I think Paul said it perfect. We over complicate things to the very extreme. MD5 is a perfectly good has algorithm. Using some other is just a waste of CPU power. The likely hood of two files having the same MD5 is 2^128. Compound this with other factors like the two files in question are going to exist in the universe of document that you are testing and the statistics get even slimmer.
If you want something cheap and effective, try this
http//noclone.net
Using SHA1 is not a waste of CPU power in this case, as computing hashes is limited by disk I/O and not by how much computation is required for the hash. (Even computing MD5, SHA1, SHA-256, and SHA-512 simultaneously should be I/O-bound.)
The likely hood of two files having the same MD5 is 2^128.
No, the chance of two particular files having the same MD5 hash is 1 in 2**128, not any two files. If you have drawn an Ace the chance of drawing a second Ace is not the same as the chance of drawing any Pair from a deck.
The chance of two files having the same MD5 hash value will be 1/(2^128), roughly equal to 1/(3.4 X 10^38), or roughly the chance of one in 340 billion billion billion billion.
Yes, and the chance of a random MD5 collision in a set of N files is roughly N^2/2^129.
Yes sorry for the typo 1^128. My point is still that the reality of you having an MD5 collision is so remote that why worry about it. The courts have validated it as a valid method of fingerprinting a file.
MD5 is not safe, see example of MD5 collisions
http//
MD5 is not safe, see example of MD5 collisions
http//noclone.net/info/Trueduplicate.aspx
VERY clear sentence roll
Why MD5 is not reliable?
Some of the duplicate finding software in the market uncovers duplicate files by comparing MD5 hash string of file content. However it is not reliable that there is a chance of MD5 hash collision.
I like how the article expands on the computation of probabilities of an MD5 collision…. 😯
Unfortunately the actual "example" has no working links…. (
But they are here wink
http//
http//
It seems to me like the example is a "forged" one, i.e. something intentionally written, since there are only 6 bytes difference in FC /B ?
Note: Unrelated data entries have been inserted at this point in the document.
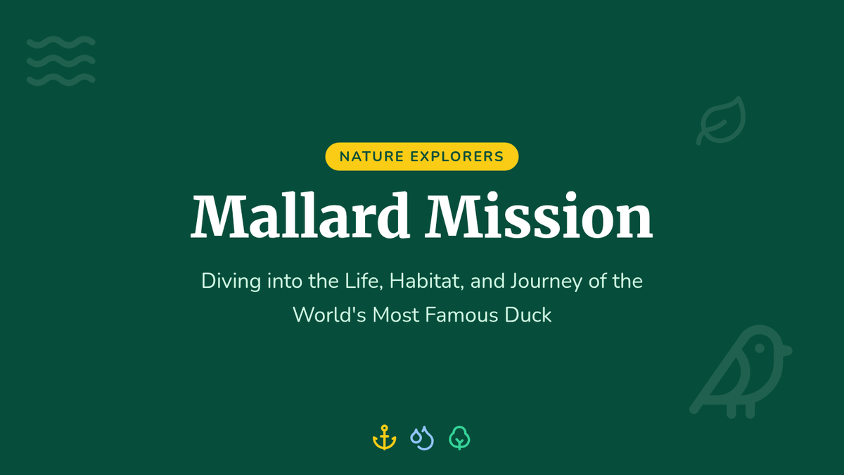 A visually engaging slide presentation about Mallard ducks, featuring their habitat, diet (dabbling), and life cycle from egg to adult with clear sections and review questions. Updated to ensure accurate visual representation of male and female ducks.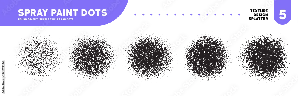 Dissolve spray dots with stipple dust effect. Circles with gradient gradation and spray texture. Abstract dust grainy round shapes. Aerosol vector airbrush effect. Dotted grunge graffiti circles.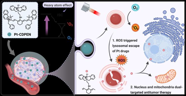 铂类化疗药物,如顺铂,是临床上广泛使用的抗肿瘤药物,但由于其高毒性和易诱发耐药性等临床瓶颈,限制了其疗效。针对上述难题,研究团队基于单功能铂配合物在降低毒副作用、逆转耐药性方面的独特优势,创新性地将光动力治疗(PDT)与之融合,成功地研发出一种光响应型单功能花菁基铂配合物(Pt-CDPEN)。该设计通过协同靶向肿瘤细胞核与线粒体的双重作用机制,实现了化疗与PDT的精准联合治疗。将铂原子作为重原子引入花菁染料母体结构,显著提升了花菁分子的单线态氧量子产率。这一分子工程策略产生双重增益效应:一方面,单线态氧生成效率的提升直接强化了PDT的抗肿瘤效能;另一方面,铂配合物的细胞摄取行为得到优化,有效促进药物从溶酶体逃逸并实现核-线粒体双重靶向蓄积。实验数据显示,相较于传统顺铂,Pt-CDPEN对耐药肿瘤细胞的杀伤效力提升达16倍,展现出突破耐药屏障的显著优势。这种自增强型铂配合物的研究成果,不仅为克服铂类药物临床局限提供了原创性解决方案,更为开发新一代低毒高效的肿瘤协同治疗体系开辟了全新路径,具有重要临床转化价值。

C\Downloaded\testnoclone>fc /B hello.exe erase.exe
Confronto in corso dei file hello.exe e ERASE.EXE
00000953 09 89
0000096D 86 06
0000097B 91 11
00000993 28 A8
000009AD 54 D4
000009BB E8 68
…. the "scaring string" is present also in the "harmless" hello.exe….
jaclaz
Yes, "hello" and "erase" are intentionally-produced collisions. There's a little "evilize" program that will allow you to generate such executables.